== Supplied data ==
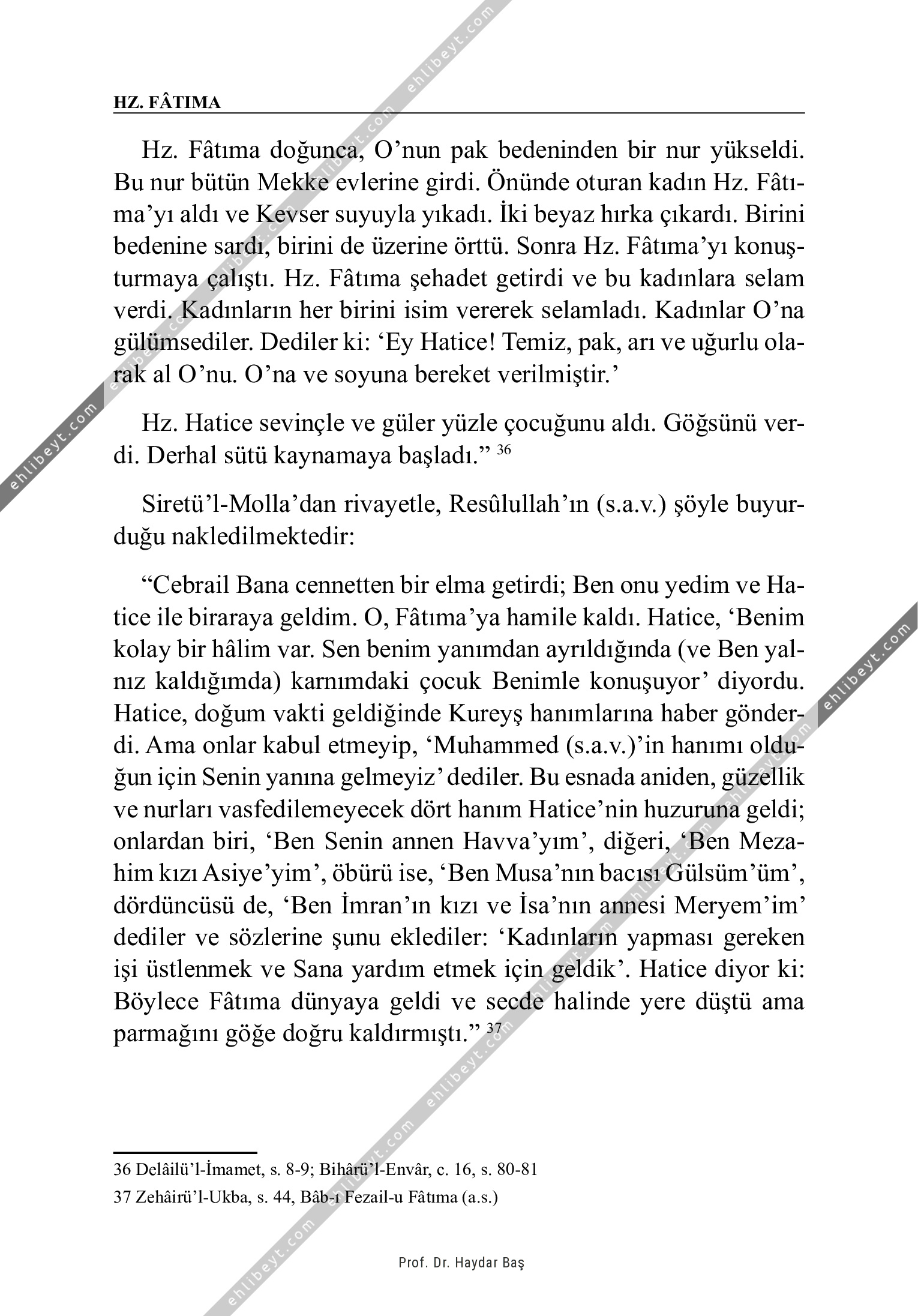 Hz. Fâtıma doğunca, O'nun pak bedeninden bir nur yükseldi. Bu nur bütün Mekke evlerine girdi. Önünde oturan kadın Hz. Fâtıma'yı aldı ve Kevser suyuyla yıkadı. İki beyaz hırka çıkardı. Birini bedenine sardı, birini de üzerine örttü. Sonra Hz. Fâtıma'yı konuşturmaya çalıştı. Hz. Fâtıma şehadet getirdi ve bu kadınlara selam verdi. Kadınların her birini isim vererek selamladı. Kadınlar O'na gülümsediler. Dediler ki: `Ey Hatice! Temiz, pak, arı ve uğurlu olarak al O'nu. O'na ve soyuna bereket verilmiştir.' Hz. Hatice sevinçle ve güler yüzle çocuğunu aldı. Göğsünü verdi. Derhal sütü kaynamaya başladı." 36 Siretü'l-Molla'dan rivayetle, Resûlullah'ın (s.a.v.) şöyle buyurduğu nakledilmektedir: "Cebrail Bana cennetten bir elma getirdi; Ben onu yedim ve Hatice ile biraraya geldim. O, Fâtıma'ya hamile kaldı. Hatice, `Benim kolay bir hâlim var. Sen benim yanımdan ayrıldığında (ve Ben yalnız kaldığımda) karnımdaki çocuk Benimle konuşuyor' diyordu. Hatice, doğum vakti geldiğinde Kureyş hanımlarına haber gönder[…]
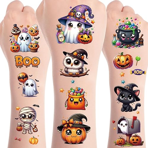 8 Sheets 200+ Halloween Temporary Tattoos Halloween Party Decorations Happy Boo Day Stickers Ghost Pumpkin Theme Temporary Tattoos Party Favors Supplies Prizes Rewards
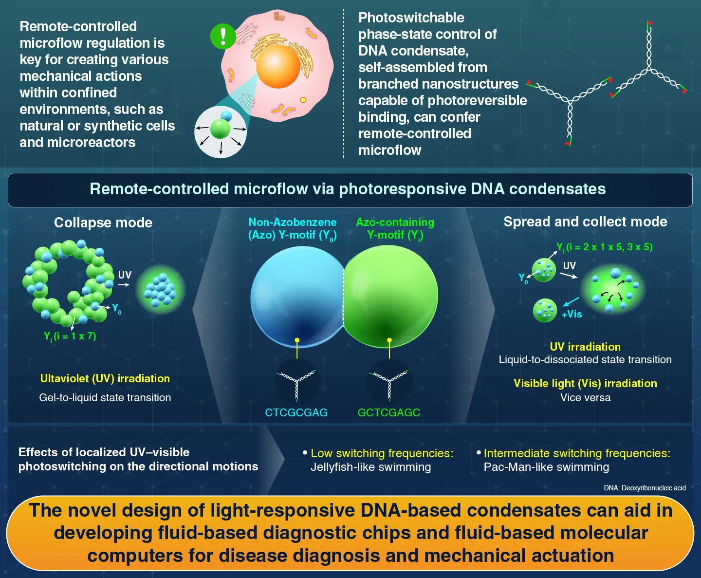 Remote-controlled microflow using light-controlled state transitions within DNA condensates has been reported by scientists from Institute of Science Tokyo, Japan. By switching between ultraviolet light (UV) and visible light irradiation, the researchers demonstrated that the novel DNA motifs containing azobenzene can dissociate or reassemble. Furthermore, localized photo-switching within a DNA liquid condensate generated two distinct directional motions. This study can fuel the development of innovative fluid-based diagnostic chips and molecular computers.
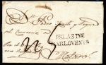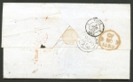CORREOS MARITIMOS No.3 poorly struck marking on letter to Barcelona. Receiving FRANCO marking.
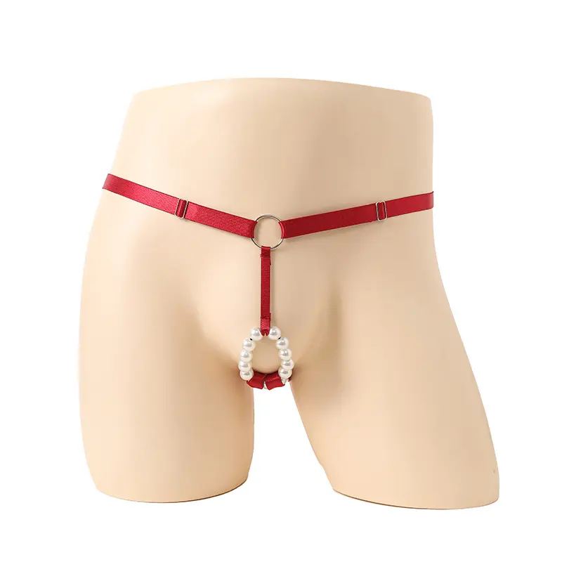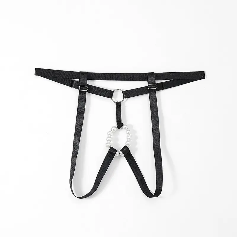 This minimalist strap thong features sleek adjustable bands and a delicate pearl detail that adds just the right touch of elegance to a daring design.
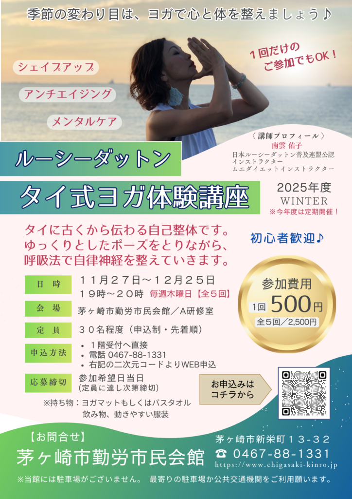 タイに古くから伝わる自己整体です。ゆっくりとしたポーズをとりながら、呼吸法で自律神経を整えていきます。シェイプアップ、アンチエイジング、メンタルケアに効果的です。
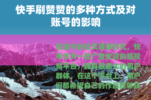 在当今的社交媒体时代,快手作为一款广受欢迎的短视频平台,拥有着庞大的用户群体,在这个平台上,用户们都希望自己的作品能够获得更多的点赞,从而获得更多的关注和流量,而快手刷赞赞也因此成为了一个热门的话题。
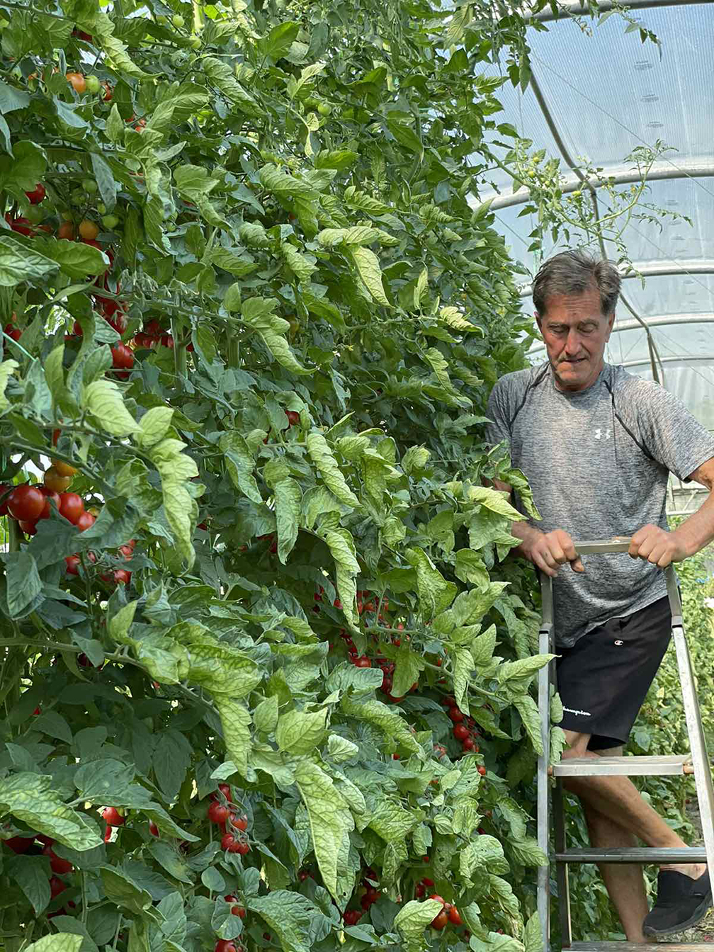 U domaćinstvu Himza Mušovića iz Seljašnice kod Prijepolja raste paradajz „nebu pod oblake“, pa sočne crvene plodove sa  njegovog stabla ovaj vredni povrtar bere uz pomoć merdevina.
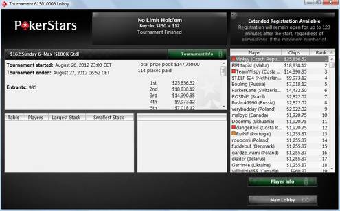 2Turnaje Sunday 6-max s buy-inem $162 a garancí $100.000 se tentokrát zúčastnilo 985 hráčů a celkový prize pool se tak navýšil až na $147.750. Nejvýraznější část si z této sumy k naší radosti ukrojil Vinkyy, který za sebou nechal všechny své soupeře a inkasoval tak $25.856.
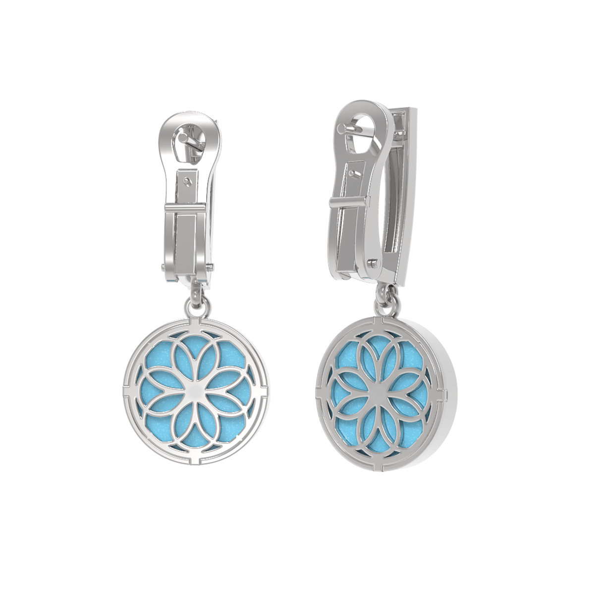 В дизайне каждой серьги использованы вставки круглой формы, всего в комплекте 4 драгоценных камня. Яркий бирюзовый оттенок вставок гармонично дополняется холодным блеском белого металла, создавая притягательный визуальный эффект. Качественная проработка деталей и лаконичная геометрия делают эти серьги универсальным аксессуаром, который подойдет как для женщин, так и для мужчин, предпочитающих подчеркнуть свою индивидуальность качественными ювелирными изделиями.
===
Print, word for word, the lines above that run from the line containing "This minimalist strap" to the line containing "2Turnaje Sunday 6-max", both included. Keep the pictures out.

> [Result of this task]
 This minimalist strap thong features sleek adjustable bands and a delicate pearl detail that adds just the right touch of elegance to a daring design.
 タイに古くから伝わる自己整体です。ゆっくりとしたポーズをとりながら、呼吸法で自律神経を整えていきます。シェイプアップ、アンチエイジング、メンタルケアに効果的です。
 在当今的社交媒体时代,快手作为一款广受欢迎的短视频平台,拥有着庞大的用户群体,在这个平台上,用户们都希望自己的作品能够获得更多的点赞,从而获得更多的关注和流量,而快手刷赞赞也因此成为了一个热门的话题。
 U domaćinstvu Himza Mušovića iz Seljašnice kod Prijepolja raste paradajz „nebu pod oblake“, pa sočne crvene plodove sa  njegovog stabla ovaj vredni povrtar bere uz pomoć merdevina.
 2Turnaje Sunday 6-max s buy-inem $162 a garancí $100.000 se tentokrát zúčastnilo 985 hráčů a celkový prize pool se tak navýšil až na $147.750. Nejvýraznější část si z této sumy k naší radosti ukrojil Vinkyy, který za sebou nechal všechny své soupeře a inkasoval tak $25.856.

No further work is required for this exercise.